В 2012 году сотрудники Лаборатории Google X тестировали одну из систем глубокого машинного обучения [8]. Они использовали 16 000 процессоров, что, правда, очень мало по сравнению с той мощностью, которую дает человеческий мозг. Для исследования случайным образом были отобраны 10 млн скриншотов (thumbnails) из YouTube, и задачей машины было научиться понимать, что представлено на этих кадрах, без учителя (так называемое unsupervised learning). Машине не давали никаких примеров, нейросеть как некий мыслящий организм должна была самостоятельно выделить основные паттерны, которые были представлены в этих самых 10 миллионах скриншотов.

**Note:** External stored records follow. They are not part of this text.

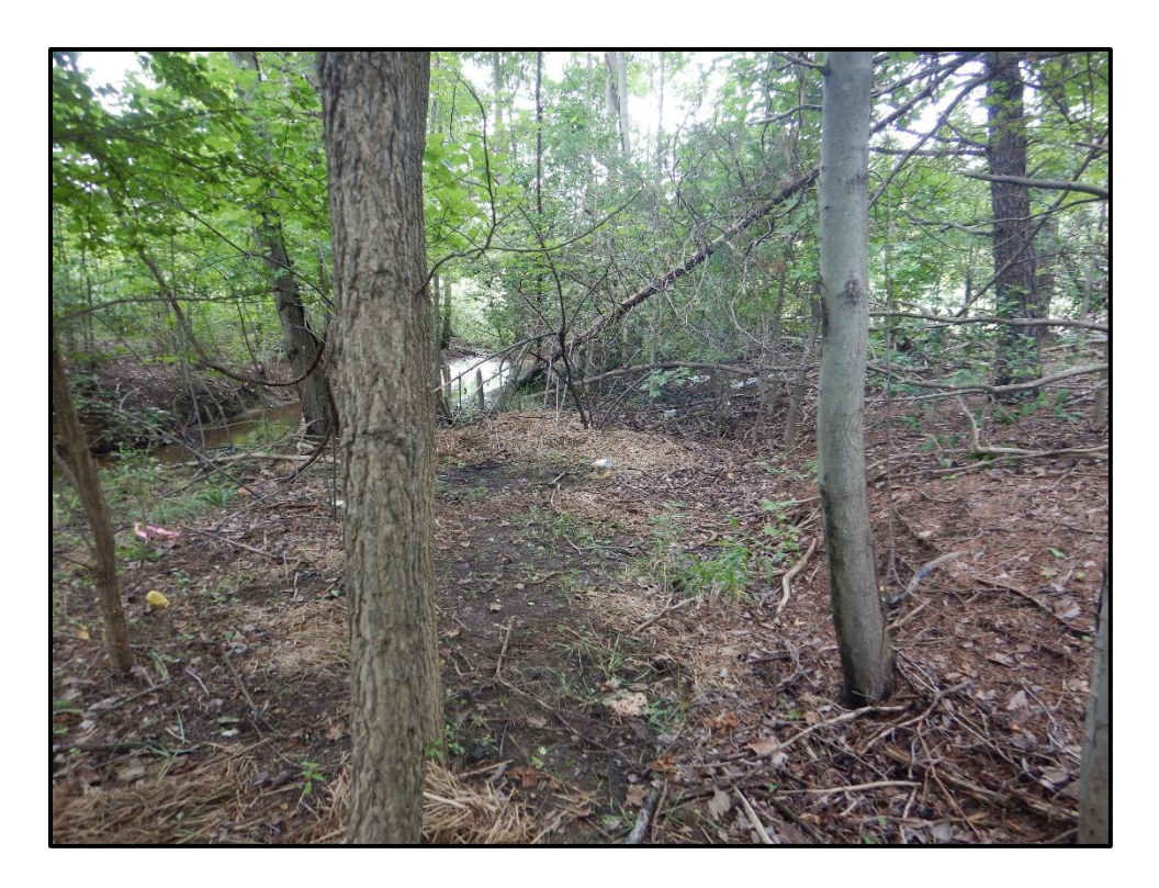
Wetland 2BB – PFO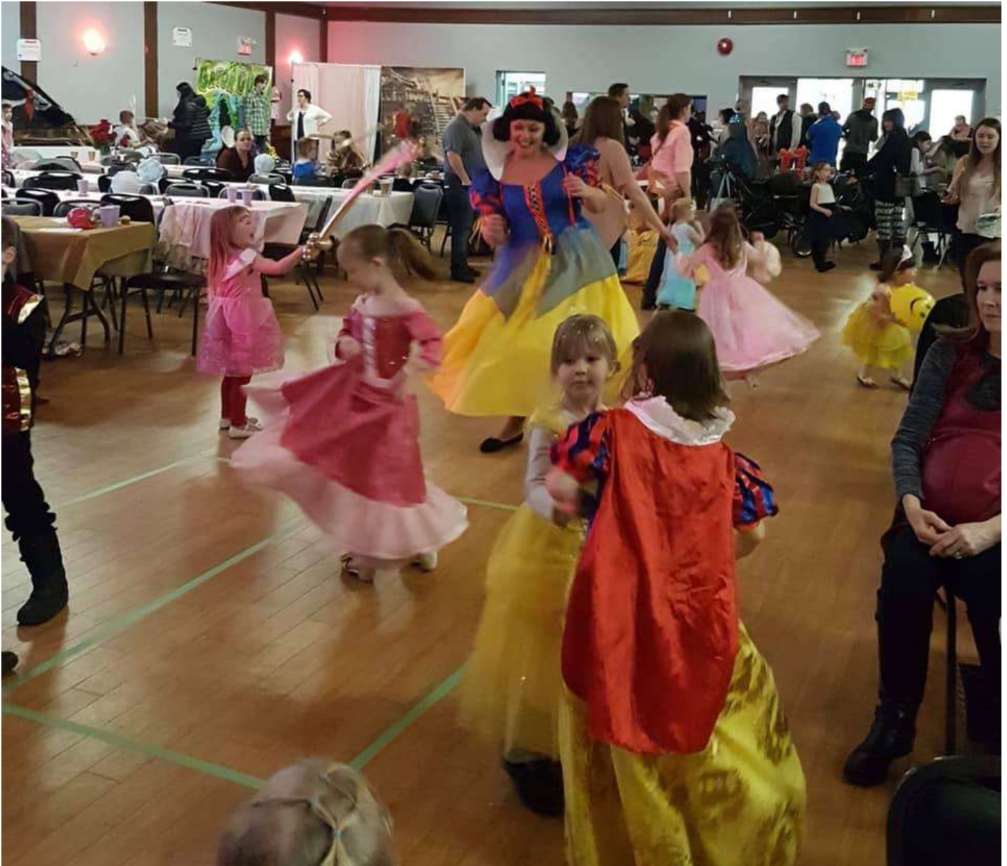
Volunteer Airdrie's second annual Pirate & Princess Gala in February, 2020 was a success as a joint fundraising event with Soap for Hope.

Volunteer Airdrie 2020 financial statement were prepared by a third party, independent professional accountant, and are included below.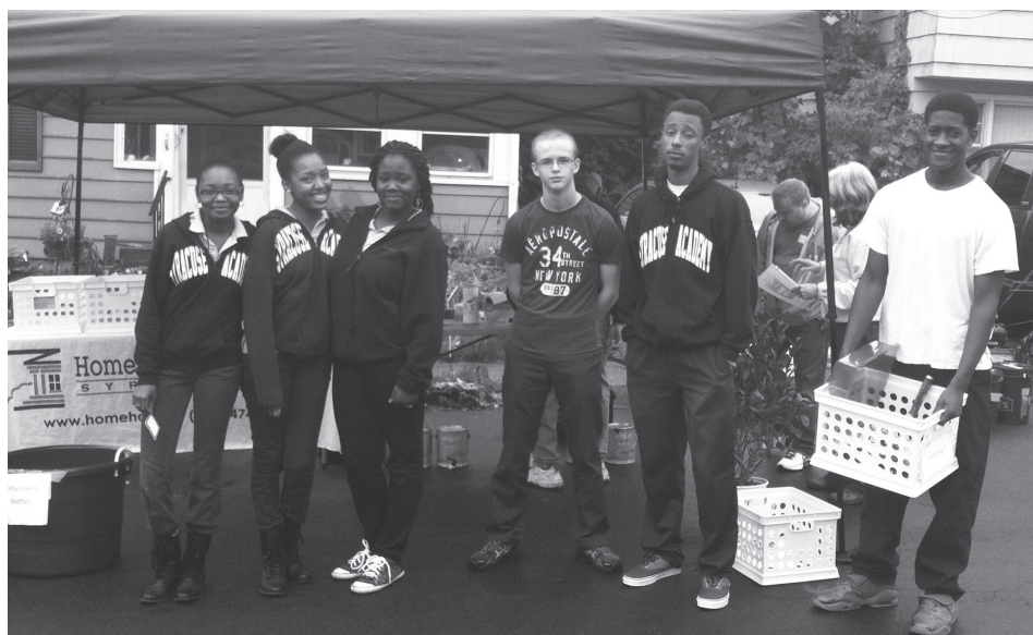
Students in Syracuse Academy's Peer Leadership Club participate in a Block Blitz sponsored by Home Headquarters in October.

YLP became a mainstay in Syracuse Academy's curriculum because of the school's belief in teamwork and community as well as the advantage to be gained from an adventure, experiential approach to learning.

На выходе, после трехдневной работы 16 000 процессоров, первым из выявленных паттернов был паттерн человеческого лица, а вторым паттерном был кот. Как пишет один из участников проекта, «мы не говорили ей, чему учиться, мы не говорили: «это кошка». Можно сказать, что эта нейросеть самостоятельно изобрела концепт кошки» [9].

Почему так получилось, не очень понятно. Возможно, всё объясняется огромным количеством видео с котами на YouTube. Но если мы придаем машинному обучению как форме нечеловеческого существования самостоятельное значение, мы должны констатировать очень любопытную ситуацию. Ситуацию, когда одна форма нечеловеческого существования узнает, распознает и признает другую. И здесь мы сталкиваемся со своего рода диалектикой признания. В мире нечеловеческого один актор каким-то образом распознал, узнал другого актора. Наверное, тут мы не можем говорить, что эти алгоритмы приобрели некую форму самосознания и осознали этих самых котиков. Мы можем даже обойтись без термина «сознание». Речь идет о некоем распознавании и признании.

В таком случае это та самая ситуация, которую описывал Гегель в своей «Диалектике раба и господина», когда господин не признает раба, а раб признает господина, и только на том основании, что раб признает господство господина, раб и является рабом. Мне кажется, эта идея схватывает суть отношений котиков и искусственного интеллекта. Это диалектика признания и непризнания, неких отношений внутри нечеловеческого, внутри их политической борьбы. И эти отношения ассиметричные. Котикам нет никакого дела до алгоритмов машинного обучения. Если перевести, изоморфно отобразить эту ситуацию в мир человеческих значений, это означает, что тем, кто умиляется котикам, тоже, как правило, нет дела до не менее интересных форм жизни, которые находятся у них в телефонах: например, Siri или сервиса Google Maps, который в какой-то степени также является самообучающимся. То есть мы имеем дело с ситуацией, в которой одна форма нечеловеческого заслоняет собой другую и тормозит декодирование, детерриториализацию других форм нечеловеческого.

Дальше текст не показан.